Современные «модные» образы, снятые часто в обыденных интерьерах, могут создать ощущение, что модель в них предстает в неких подлинных ситуациях. Это чаще всего заблуждение: чем более модель претендует на то, что представляет некий подлинный опыт, тем более фотография приобретает самостоятельную ценность, независимую от поверхностной видимости, красоты и коммерции. Модельерам это лишь в помощь. Когда одежда заключена в такой правдоподобный контекст, покупательница может узнать в модели себя. Это пересечение идентификаций превращает фотографа в психоаналитика: он должен проникнуть в тайные намерения и опыт модельера; модельер же передает фотографу свою одежду, подобно тому как пациент доверяет аналитику свои самые темные тайны. В случае шума в канале связи самоценность языка фотографии отвергается, так как воображение фотографа искажает воображение модельера. Если процесс творчества подразумевает непосредственную связь между создателем и его объектом, то отношения между модельером и фотографом опосредованы телом модели. Фотография мод — произведение многослойное, чреватое элементами паранойи, истерии и зависти. В каталоге Флорентийской биеннале «Взгляд на моду» Ингрид Сиши, Джермано Челант и Луиджи Сеттембрини высказали мысль, что творческие решения художников и модельеров имеют между собой много общего — и те и другие имеют дело с «ремеслом, материалом, покроем, цветом». «Подобно искусству, — писали они, — мода может быть рассмотрена антропологически, социологически и даже философски»... Однако современное общество легче понять, изучая купальный костюм Руди Генгрич, нежели минималистскую инсталляцию Карла Анд ре. Раз искусство принято понимать как отражение своего времени, оно и не чувствует необходимости иллюстрировать общественные нравы. Впрочем, ситуация меняется, если сравнить созданные модой и искусством объекты. Платье, даже если его выставить в галерее, никогда не станет скульптурой. Даже кутюрье, который претендует на творческую независимость, ограничен в своих возможностях: он должен учитывать, как будет носиться его одежда. Фотографию же мод естественно видеть на страницах книг или в галерее: она обладает уникальной способностью переключаться с одного значения на другое, менять сущность в зависимости от контекста.
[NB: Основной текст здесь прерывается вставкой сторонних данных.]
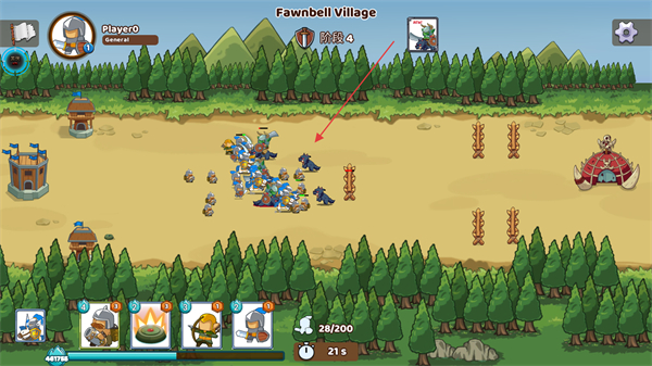 2、战斗中灵活调整士兵派遣节奏,根据战场局势补充不同类型的士兵,形成优势兵力。

Возможно, поэтому фотография мод все больше сближается ныне с миром искусства. В 80-е годы, когда искусство определялось установкой на «апроприацию» и было увлечено критикой «систем репрезентации, зрительного восприятия и желаний», феномен моды естественно оказался в центре внимания художников. Что бы конкретно ни интересовало их — феминистическая (Сильвия Колбовски, Барбара Крюгер) или же политическая (Ричард Принс) проблематика, — но позаимствованные ими из сферы «модной» фотографии образы «красивых женщин» придавали их произведениям особую привлекательность. Однако в 90-е годы стали сходить на нет как глянцевые модные журналы, так и использовавшие коммерческую фотографию произведения искусства. Трансформации эти были предопределены изменившейся экономической конъюнктурой: искусство и мода ведут себя в этих условиях одинаково — отчаянно пытаются сохранить свою значимость.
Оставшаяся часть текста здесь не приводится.